Once proceedings have been initiated, the government needs to prove, by a preponderance of the evidence (51 percent sure), only that the property is subject to forfeiture. The burden of proof then belongs — in most states — to the owners of the property, who must show that they were neither involved in any criminal activity nor aware that their property was being used for criminal purposes, or that, if it were, then they took steps to end that criminal activity. Worst of all, property owners are not even necessarily entitled to legal representation. Whether they are granted this basic right is left to the discretion of the presiding judge.
Why has civil-asset forfeiture, which flies in the face of American expectations of due process and the presumption of innocence, been allowed to persist in its current form? It’s all about the Benjamins. The federal government takes in net revenues exceeding $1 billion annually from asset forfeiture, and states share in the cash cow through “equitable sharing.” This practice, which sounds innocent enough, provides local authorities with perverse incentives. Per the Institute for Justice, equitable sharing allows law enforcement to “bypass state laws that limit civil forfeiture. By collaborating with a federal agency, they can move to forfeit property under federal law and take up to 80 percent of what the property is worth,” which gives them “a direct financial stake in forfeiture encourag[ing] profiteering and not the pursuit of justice.” What police department would not take advantage of such a profitable opportunity, particularly when those profits are not subject to the same oversight as taxpayer dollars?
The problems with civil-asset forfeiture are many; the FAIR Act addresses nearly all of them. It would raise the evidentiary standards that the government needs to meet to the “clear and convincing” level. It would place the burden of proof on the government to show a property owner’s knowledge of criminal activity rather than asking property owners to make the case for their innocence. It would guarantee property owners the right to legal representation. Perhaps most important, it would end equitable sharing, incentivizing police departments to stop spending their time pursuing frivolous forfeiture claims. The act’s changes to the reporting structure are also important. The Justice Department does not currently provide a public breakdown of how much of their annual seizures are criminal, administrative, and civil forfeiture, respectively. The FAIR Act would mandate such a breakdown.
Critics of these reforms might argue, as Kamala Harris has, that civil-asset forfeiture “equip[s] local and state law enforcement with more tools to target . . . illicit profits” and to “dismantle . . . dangerous organizations.” But it also leads to abuse and horror stories, such as that of Roderick Daniels, a Texan pulled over for going two miles over the speed limit in 2007. When police discovered $8,500 in Daniels’s vehicle that he had on hand to pay for a new car, they threatened to charge him with money laundering unless he handed over the cash.
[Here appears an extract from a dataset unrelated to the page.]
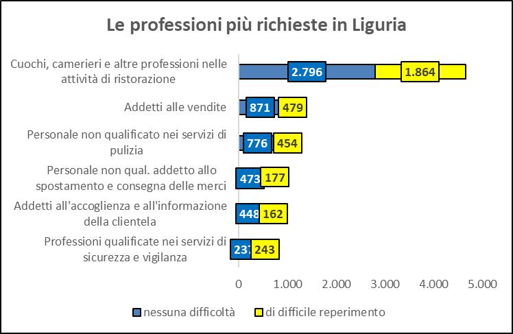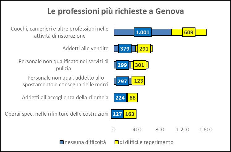 A trainare la domanda restano soprattutto i servizi e, in particolare, il comparto della ristorazione. Cuochi, camerieri e professioni affini si confermano nettamente in testa: 1.610 posizioni richieste a Genova e ben 4.660 in Liguria. Seguono gli addetti alle vendite (670 nel capoluogo e 1.350 a livello regionale) e il personale per i servizi di pulizia (600 a Genova e 1.230 in Liguria). Tra le figure più ricercate compaiono anche gli addetti alla logistica e consegna merci, il personale di accoglienza, oltre agli operai specializzati nelle rifiniture edilizie e, su scala regionale, i professionisti della sicurezza e vigilanza.

Stories such as Daniels’s are far too common.
Other defenders of the status quo might argue that civil-asset forfeiture is too important a revenue source for local law-enforcement agencies and should not therefore be curtailed. But it is not the job of the citizenry to foot the bill by way of unjust seizures. They already pay for department budgets with their tax dollars. If those departments need more funding, it’s up to local officials to allocate more resources to them.
The FAIR Act has been endorsed by the Heritage Foundation and American Civil Liberties Union and is cosponsored by legislators as liberal as 2016 Bernie Sanders backer Tulsi Gabbard and as conservative as Freedom Caucus member Paul Gosar. A functioning Congress acting in the best interest of the American people would take notice of this broad consensus and act swiftly to pass this piece of commonsense legislation.